From figure 1 and figure 5, we get a fair understanding of the criticality of the loss functions. The role of loss function is pivotal in ensuring that the output from the Supervised ML system is constantly nudged towards the actual values. ML/DL is said to mimic human behavior not just because it gives us near human like intuitive result/accuracy but also because it’s method to achieve the result is similar to human philosophy of learning. Humans learn from their mistakes and leverage experience to make wise decisions in various stages of life. Similarly, the DL(and ML)algorithms make room for mistakes in the initial iterations ,which are represented by loss scores or signals, calculated by the loss functions. These loss scores are fed back to the algorithms to update the weights in such a way that the next predicted output gets closer to the actual value. Thus, it is a cyclical process, where each iteration is like a cycle and the cycle continues till the loss is minimized. Very similar to Hindu philosophy of Karma, Samsara and Moksha.

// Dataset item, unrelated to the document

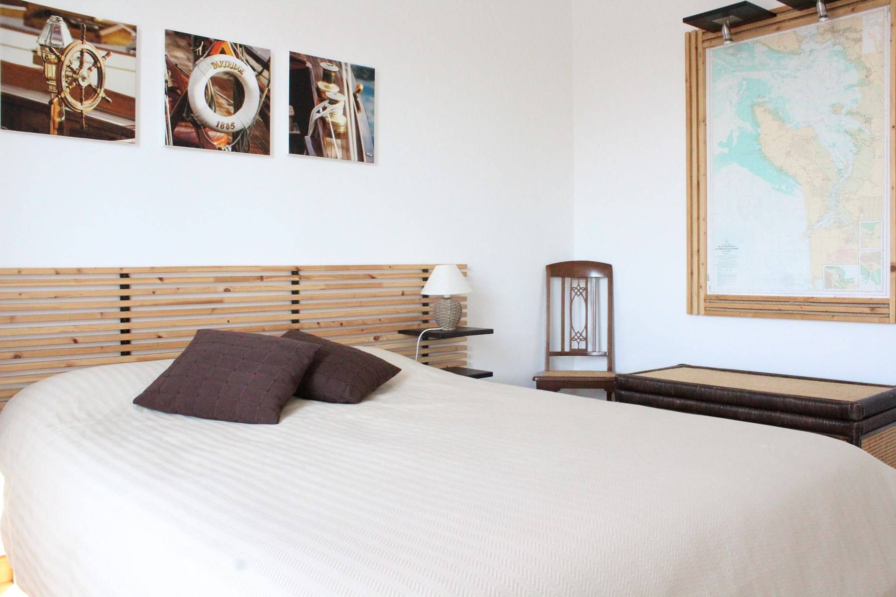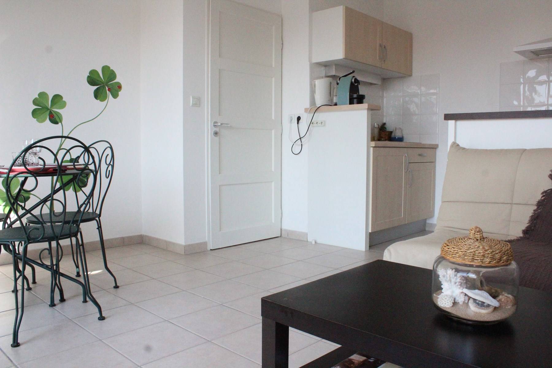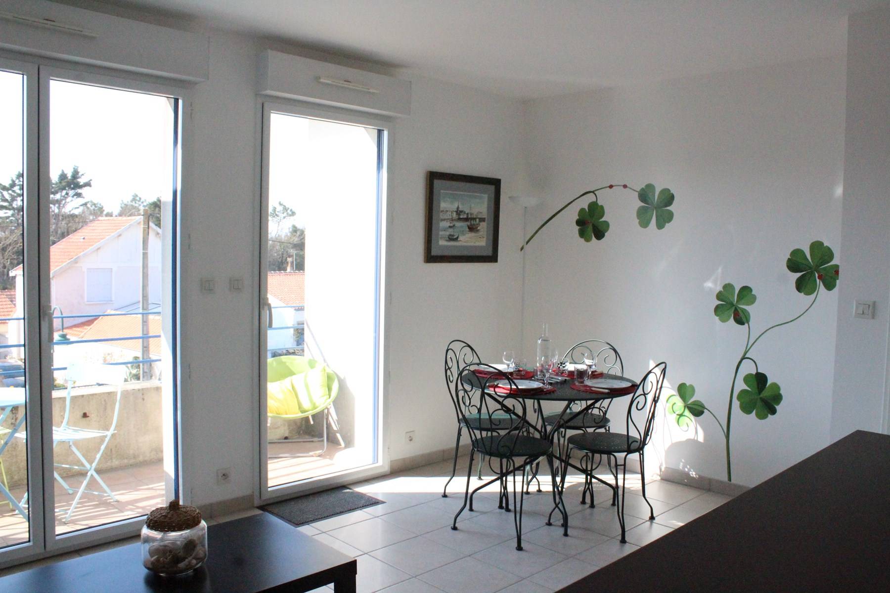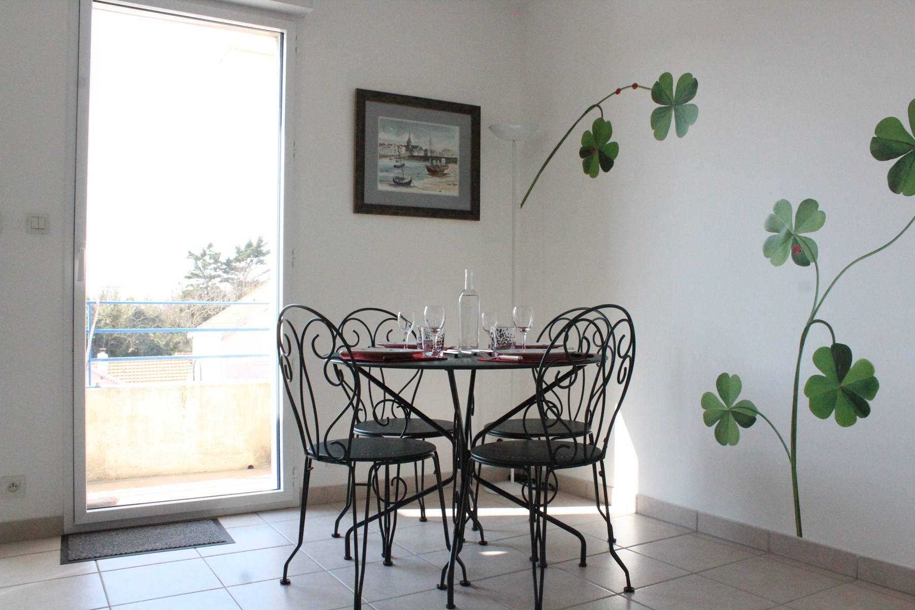 Il est au deuxième étage et se compose d'une entrée avec placards, d'un séjour avec un canapé et télévision, d'un coin cuisine équipé, d'une salle d'eau avec WC et machine à laver, un balcon ensoleillée avec salon de jardin, une chambre avec un lit en 140cm offrant un couchage pour 2 personnes. Remise et retour des clés sur La Rochelle.

从图1和图5中,我们对损失函数的重要性有了一个很好的了解。 损失函数的作用对于确保将监督ML系统的输出不断推向实际值至关重要。 据说ML / DL模仿人类行为,不仅是因为它使我们像直观的结果/准确性一样接近人类,而且因为达到结果的方法类似于人类的学习哲学。 人类从错误中学习并利用经验在人生的各个阶段做出明智的决定。 类似地,DL(和ML)算法为初始迭代中的错误留出了空间,这些错误由损失分数或信号(由损失函数计算)表示。 这些损耗分数将反馈给算法以更新权重,以使下一个预测输出更接近于实际值。 因此,这是一个循环过程,其中每次迭代都像一个循环,并且该循环一直持续到损失最小为止。 非常类似于印度教的业力,轮回和莫克沙哲学。

Considering the importance of loss functions, it is critical to know how it operates and hence choose the appropriate one to achieve Moksha i.e. zero loss. Our goal is to minimize the loss i.e. find the point where the loss is zero. For this we need to choose a loss function which can aid us in finding a minimum. Thus we need a loss function whose surface is convex in shape. If we choose a function, which is concave in nature, we may not have a minimum (also called as minima) and hence we will be derailed from our goal. The figure below will illustrate the point further.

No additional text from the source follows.